■ **What to work on**
Copy, word for word, the lines of the listing below from the line with "The Bicolore Duvet" up to and including the line with "Sedáky a podpery". Drop the pictures.

Data for this exercise Block Start

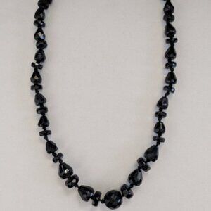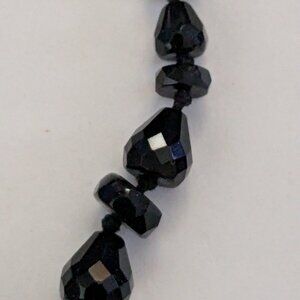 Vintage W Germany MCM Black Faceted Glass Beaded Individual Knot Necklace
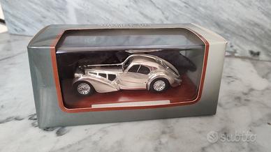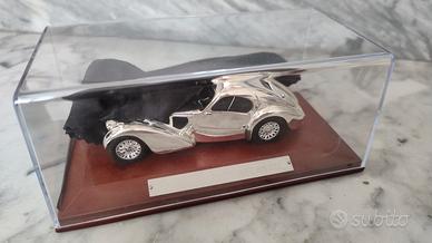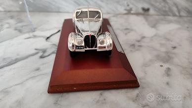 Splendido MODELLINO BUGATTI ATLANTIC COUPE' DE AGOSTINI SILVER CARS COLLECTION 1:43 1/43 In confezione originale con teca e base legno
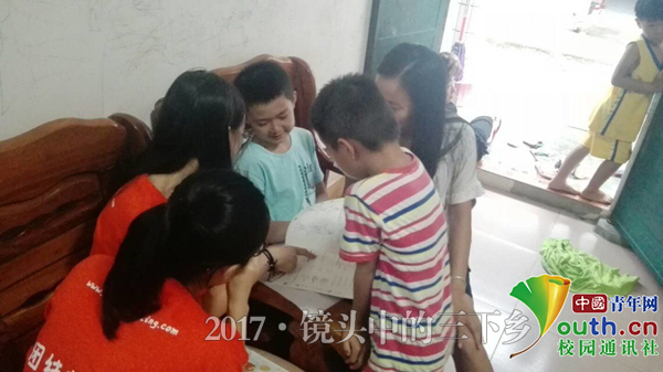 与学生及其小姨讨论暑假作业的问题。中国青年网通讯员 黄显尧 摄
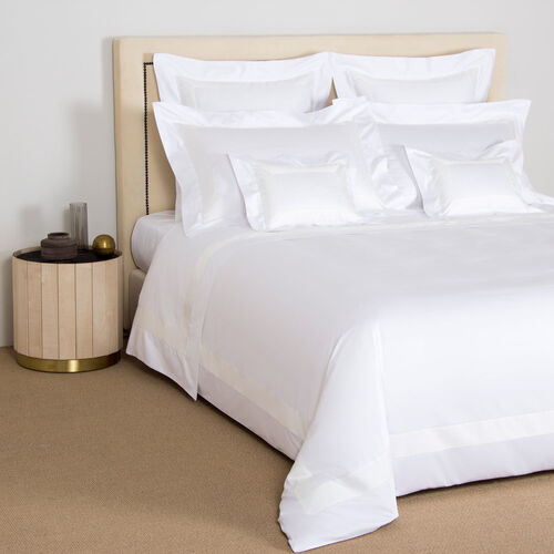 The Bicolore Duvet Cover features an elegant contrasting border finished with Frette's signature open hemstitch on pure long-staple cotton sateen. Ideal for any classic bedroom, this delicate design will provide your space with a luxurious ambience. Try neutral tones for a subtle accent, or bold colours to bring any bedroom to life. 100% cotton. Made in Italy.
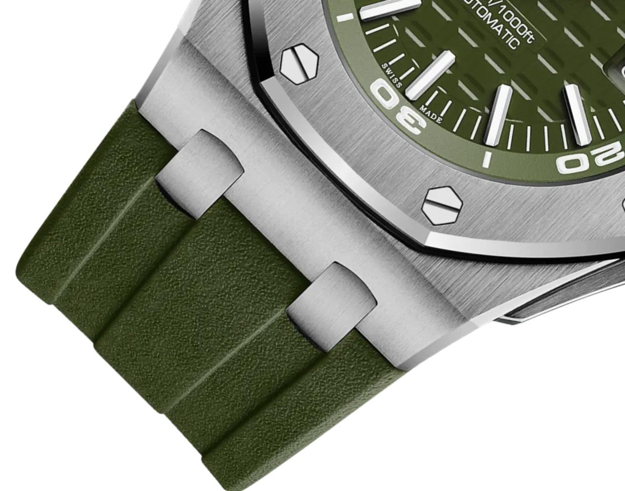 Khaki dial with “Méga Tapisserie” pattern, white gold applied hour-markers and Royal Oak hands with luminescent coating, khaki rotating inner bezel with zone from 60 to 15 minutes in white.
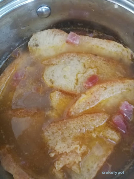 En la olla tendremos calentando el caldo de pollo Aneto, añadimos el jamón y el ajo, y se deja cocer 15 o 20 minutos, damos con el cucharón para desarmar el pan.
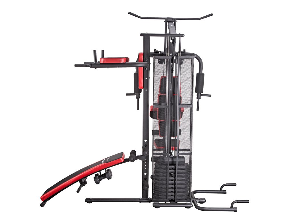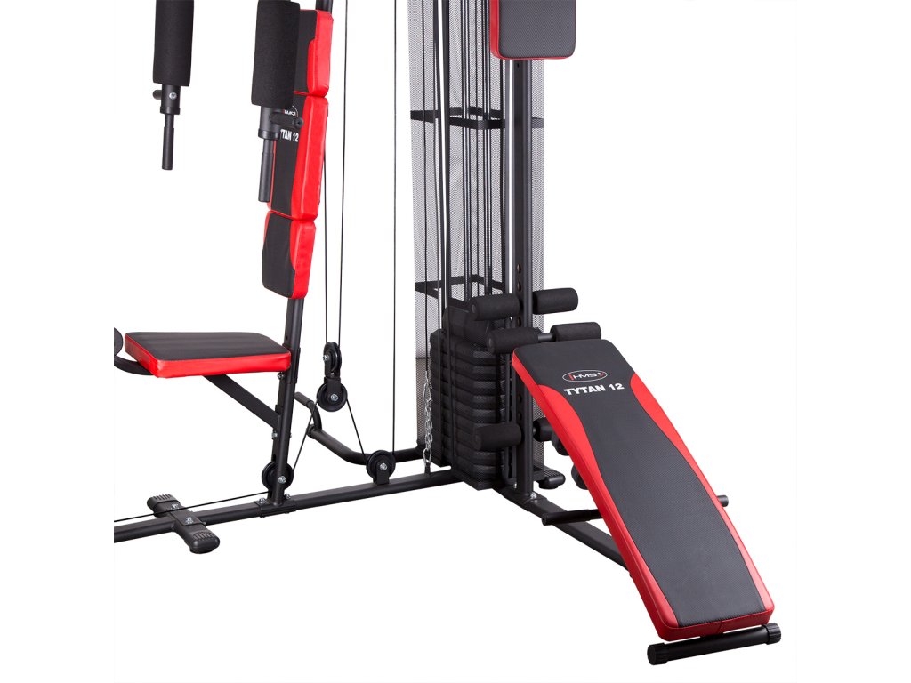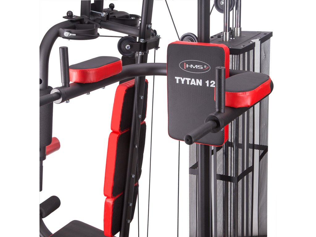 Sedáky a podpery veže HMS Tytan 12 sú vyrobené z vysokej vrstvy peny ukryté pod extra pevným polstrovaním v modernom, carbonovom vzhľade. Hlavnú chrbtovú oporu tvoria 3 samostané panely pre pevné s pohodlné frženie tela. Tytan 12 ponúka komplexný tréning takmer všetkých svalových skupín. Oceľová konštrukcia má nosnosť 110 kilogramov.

Data for this exercise Block End
Data for this exercise Block Start

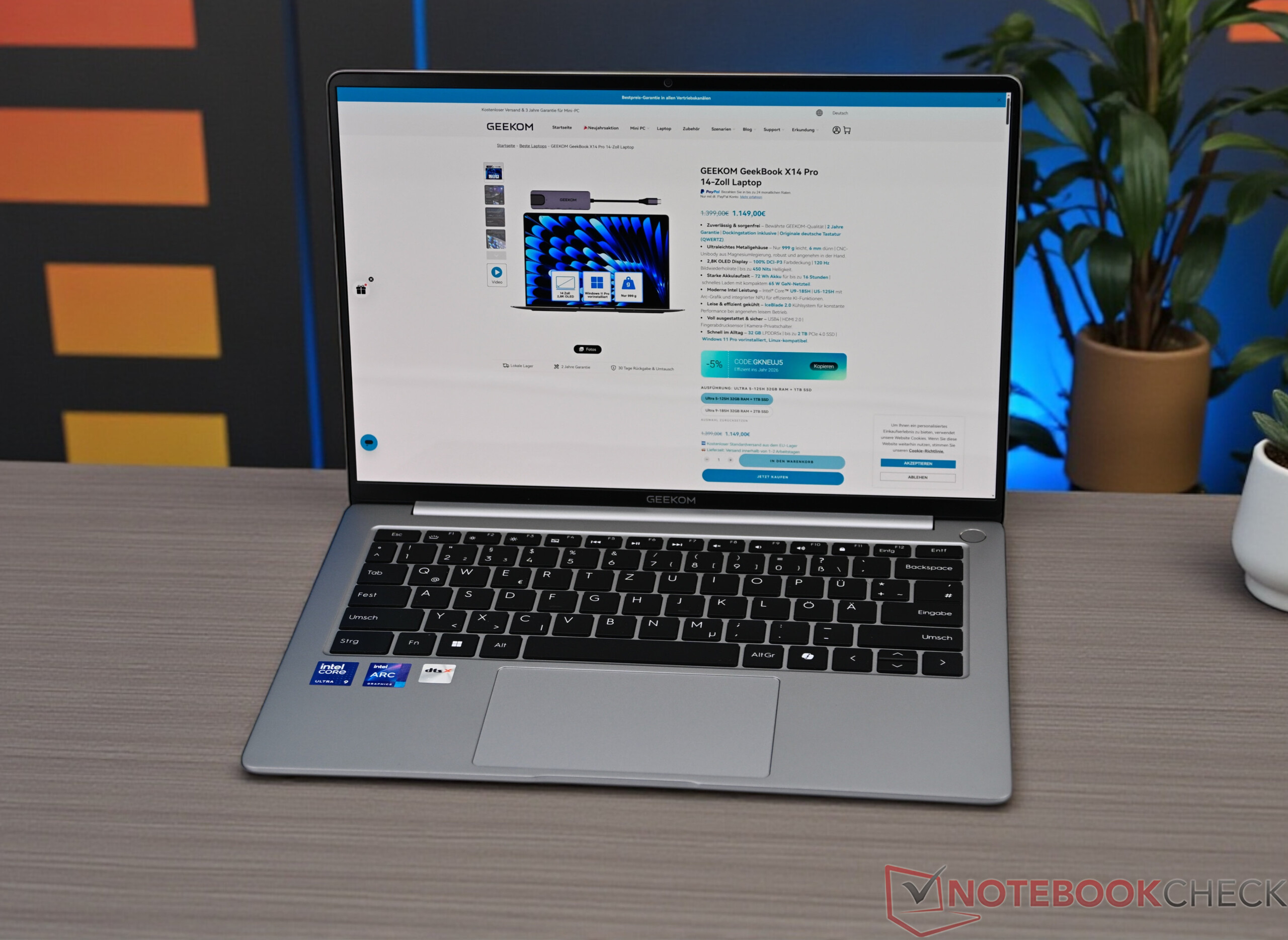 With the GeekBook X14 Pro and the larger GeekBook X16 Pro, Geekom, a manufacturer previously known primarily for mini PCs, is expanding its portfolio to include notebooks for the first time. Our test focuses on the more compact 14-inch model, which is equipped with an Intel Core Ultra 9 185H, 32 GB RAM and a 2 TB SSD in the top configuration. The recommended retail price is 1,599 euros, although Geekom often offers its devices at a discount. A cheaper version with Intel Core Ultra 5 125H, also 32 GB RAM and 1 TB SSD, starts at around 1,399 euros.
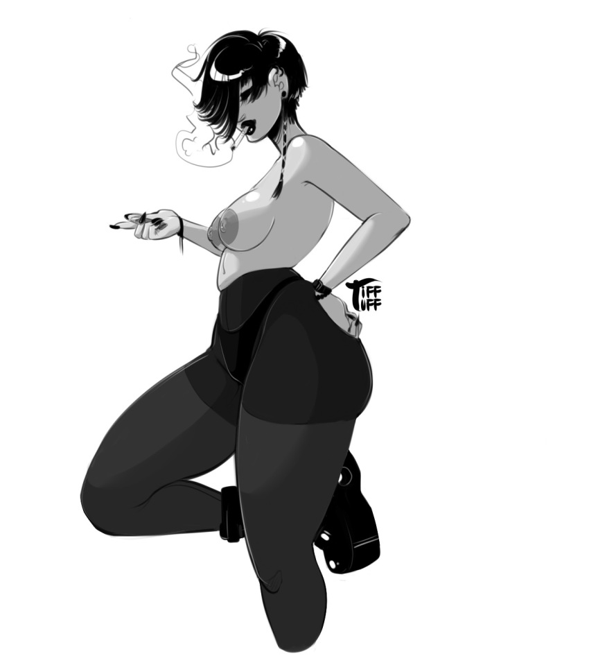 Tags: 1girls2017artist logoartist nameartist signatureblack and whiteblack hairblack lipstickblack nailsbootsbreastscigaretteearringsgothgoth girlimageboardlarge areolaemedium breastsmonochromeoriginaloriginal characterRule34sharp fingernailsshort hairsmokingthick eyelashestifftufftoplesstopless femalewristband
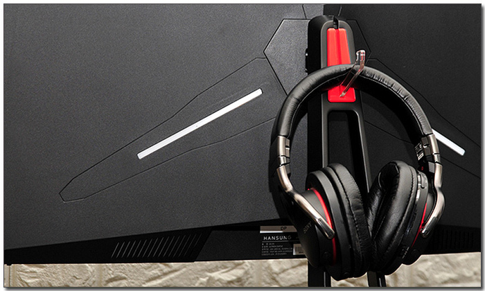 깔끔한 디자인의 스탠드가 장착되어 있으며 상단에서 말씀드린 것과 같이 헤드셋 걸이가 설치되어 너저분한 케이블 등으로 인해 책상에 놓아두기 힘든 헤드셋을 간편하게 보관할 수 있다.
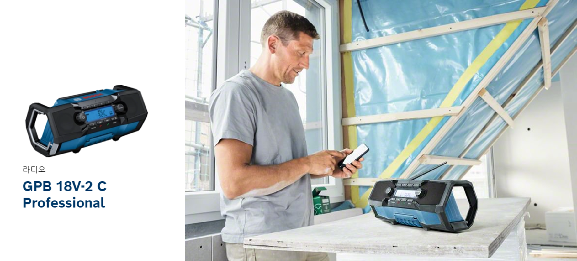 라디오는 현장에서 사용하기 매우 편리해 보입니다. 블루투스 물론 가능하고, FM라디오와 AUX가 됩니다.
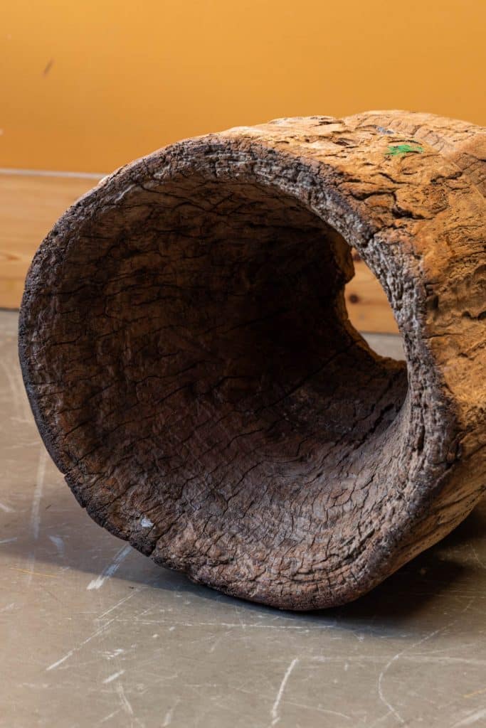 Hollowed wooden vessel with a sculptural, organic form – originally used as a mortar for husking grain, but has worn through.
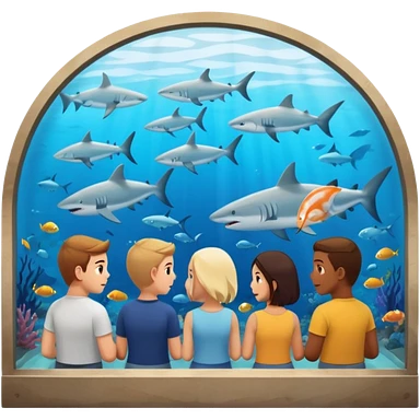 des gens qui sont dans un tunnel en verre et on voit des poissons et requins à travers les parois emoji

Data for this exercise Block End
Data for this exercise Block Start

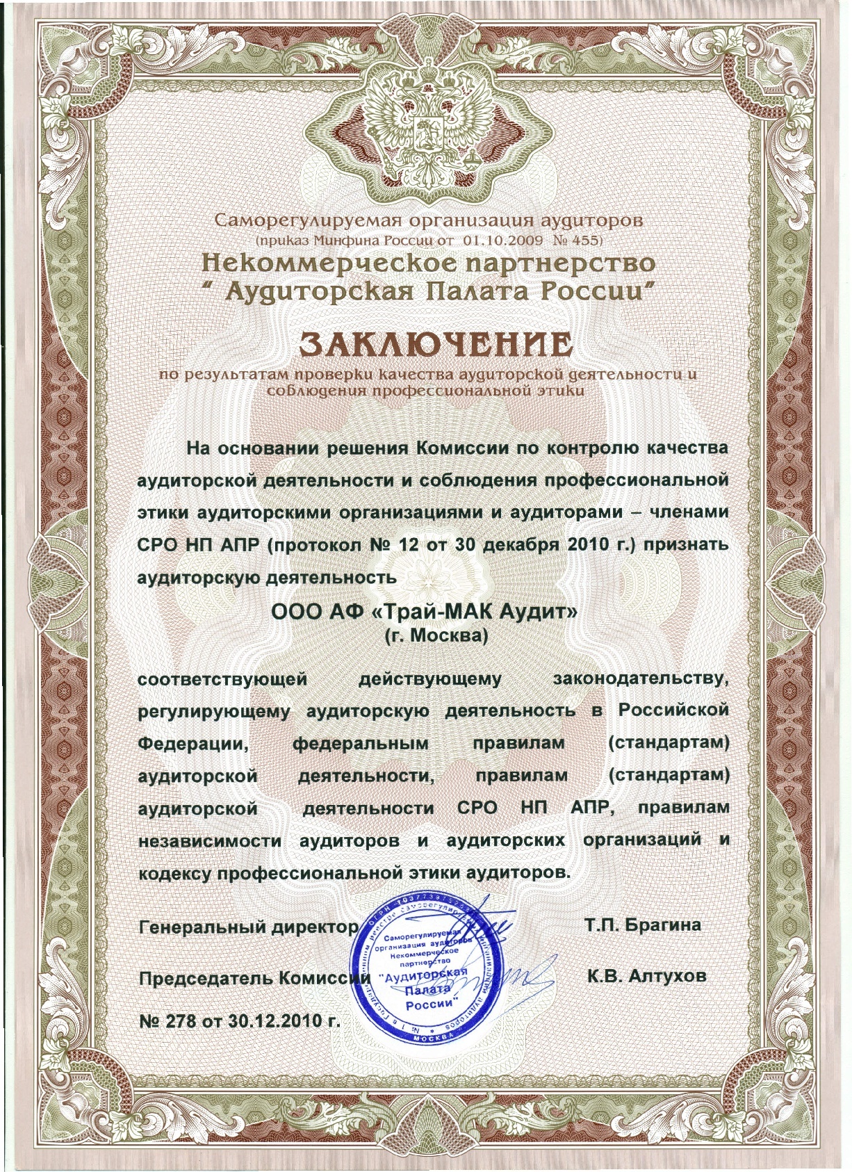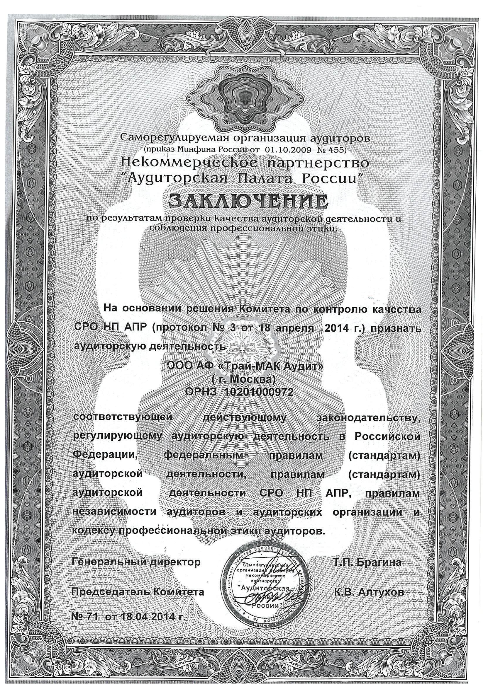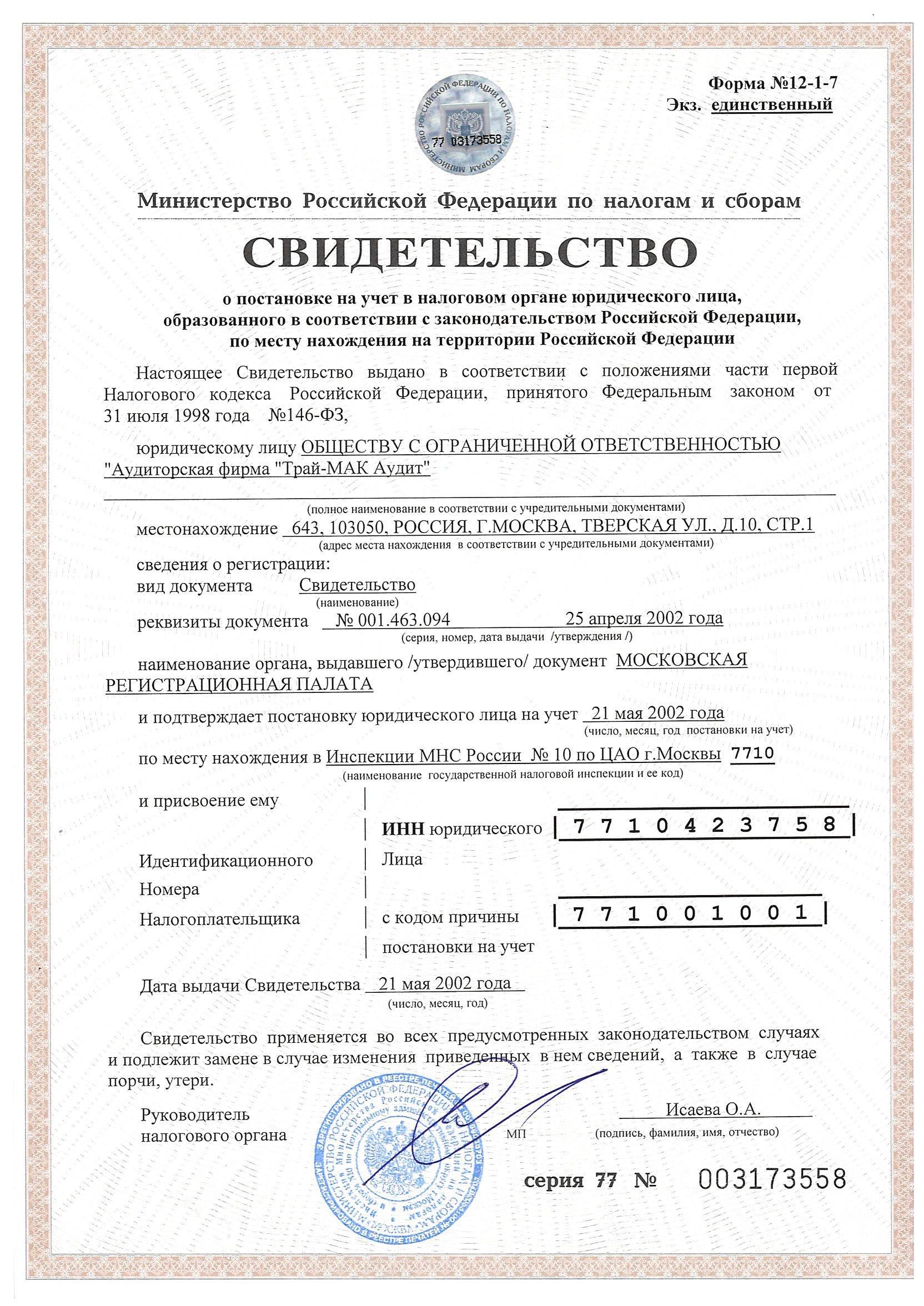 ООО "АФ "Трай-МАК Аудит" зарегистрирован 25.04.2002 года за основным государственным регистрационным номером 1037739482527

Data for this exercise Block End

■ **Answer to this exercise**
 The Bicolore Duvet Cover features an elegant contrasting border finished with Frette's signature open hemstitch on pure long-staple cotton sateen. Ideal for any classic bedroom, this delicate design will provide your space with a luxurious ambience. Try neutral tones for a subtle accent, or bold colours to bring any bedroom to life. 100% cotton. Made in Italy.
 Khaki dial with “Méga Tapisserie” pattern, white gold applied hour-markers and Royal Oak hands with luminescent coating, khaki rotating inner bezel with zone from 60 to 15 minutes in white.
 En la olla tendremos calentando el caldo de pollo Aneto, añadimos el jamón y el ajo, y se deja cocer 15 o 20 minutos, damos con el cucharón para desarmar el pan.
 Sedáky a podpery veže HMS Tytan 12 sú vyrobené z vysokej vrstvy peny ukryté pod extra pevným polstrovaním v modernom, carbonovom vzhľade. Hlavnú chrbtovú oporu tvoria 3 samostané panely pre pevné s pohodlné frženie tela. Tytan 12 ponúka komplexný tréning takmer všetkých svalových skupín. Oceľová konštrukcia má nosnosť 110 kilogramov.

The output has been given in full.